A Lesson in Loss // Christy

Loss of a loved one – no matter how they are lost – can be the most debilitating pain. For Christy, loss came all at once. When she lost her father in 2011, it wasn’t something she saw coming.

Recovering from two surgeries with the doctors happy with his progress, he passed from a genetic blood cotting disease no one knew he had. Surgery had made the risk even higher.

“He was here and then he wasn’t. None of us got to say goodbye. I think that was the most difficult thing to deal with. I had so much more to say and it didn’t help to say it to him in my head.

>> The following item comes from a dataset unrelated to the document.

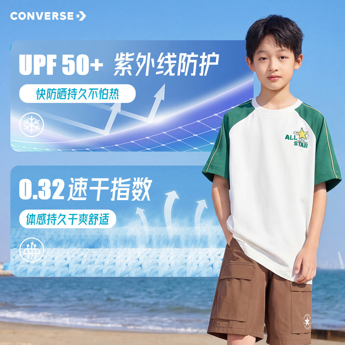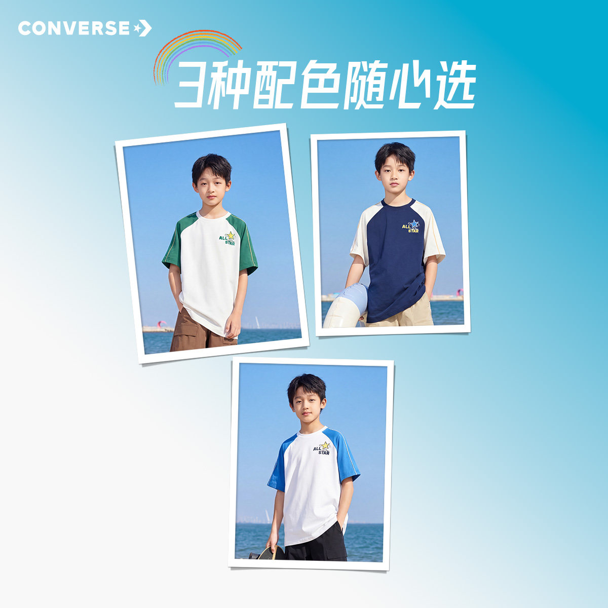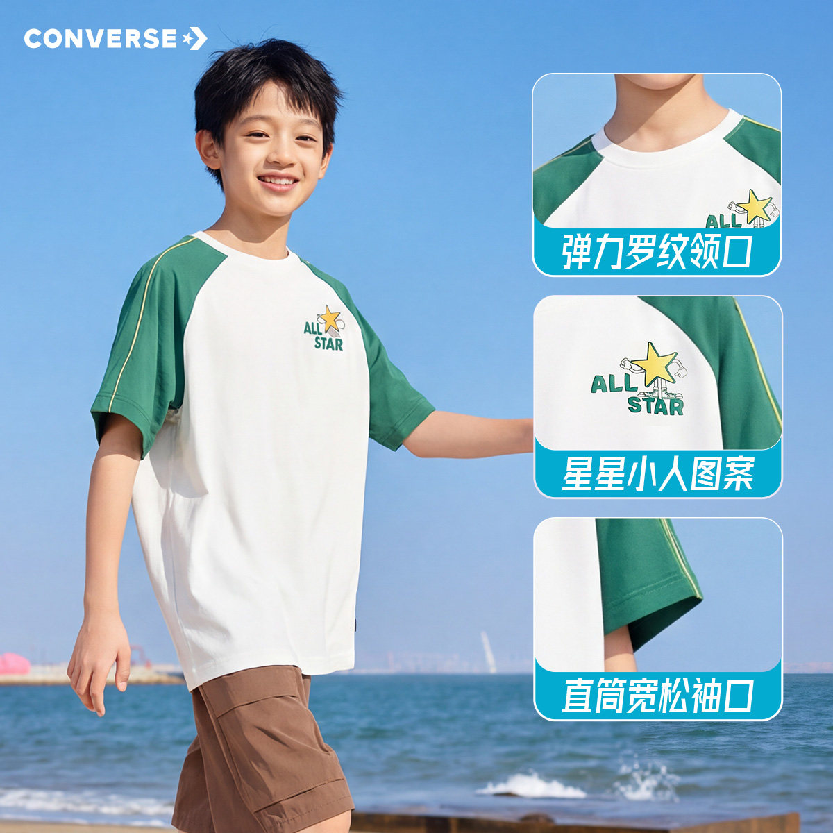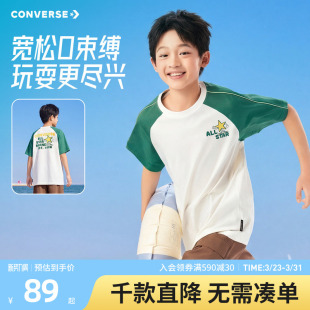 男童短袖 休闲撞色百搭上衣时尚 T恤2026夏季 插肩袖 潮 新款 匡威童装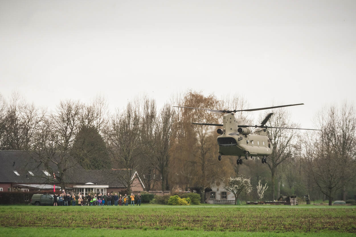In de rubriek Globaal vermeldden we vorige week de zogenoemde buitenlanding van een CH-47 ‘Chinook’ transporthelikopter bij het Gelderse Brummen. Daarvan waren toen nog geen foto’s, maar fotograaf Arthur Pfaff schiet LENS! graag te hulp. Hij nam met zijn camera waar dat de nagelnieuwe Nederlandse Chinook even ten noorden van Veghel laag over de bebouwing scheerde.Op de grond stonden zo’n veertig volwassenen en kinderen de helikopter op te wachten. Zij mochten ook even in het toestel kijken. Na ongeveer driekwartier is de Chinook, met als afscheid nog een rondje rondom de bezoekers, weer vertrokken”, laat Arthur ons weten.

I was angry. I was bone-numbing sad. I cried. A lot. Then, just when I thought I was getting a handle on it, something would trigger another bout of grief. Sometimes it was nostalgia, but sometimes it was more like depression. I needed to write my feelings down so I could let the deepest part of my sadness go.”

First drafting a poem about how she wanted just one more day with her father and what specific day or memory she would return to, Christy went through several different versions before she found her voice.

Wanting to express her own interpretation of the stages of grief and how it changes, grows, her poem resonates with any kind of loss we may suffer.

 

 

Loss

 

At first it steals your breath –

your very reason to live. 

It feels like you’re trapped in a box. 

Your heartbreak closing in and making you feel claustrophobic. 

You can never seem to catch your breath 

and you gasp between sobs. 

Your heart hurts like someone reached inside your ribs 

and easily sliced a section of your soul off while you were sleeping. 

 

One day, you wake up and awkwardly say hi to your loss,

like a new neighbor who’s just moved in next door. 

You wave and begrudgingly acknowledge 

the ever-present nature 

of the new guy next door who wants desperately to be your friend. 

“Let’s chat! How’s life? Pretty sucky, right?” 

he seems to say every time he gets a chance. 

You hate him and his friendly smile. 

 

Then the loss seems to come in waves. 

You’re fine one minute and then crying the next. 

Who knows what sets you off:

the movie you wish you could talk about together,

the memory of a debate about a book character,

the intense need to hear a voice because you can’t quite remember the timbre of it,

the ache of needing one more hug.

 

Eventually, with time, love surrounds you

like a soft, warm blanket. 

You don’t hurt as much;

you think more about the good times. 

You smile as memories dance before your eyes. 

Loss doesn’t feel so lonely anymore

because love keeps you company.

You don’t sit in the dark

because now you can walk out into the light and feel alive again.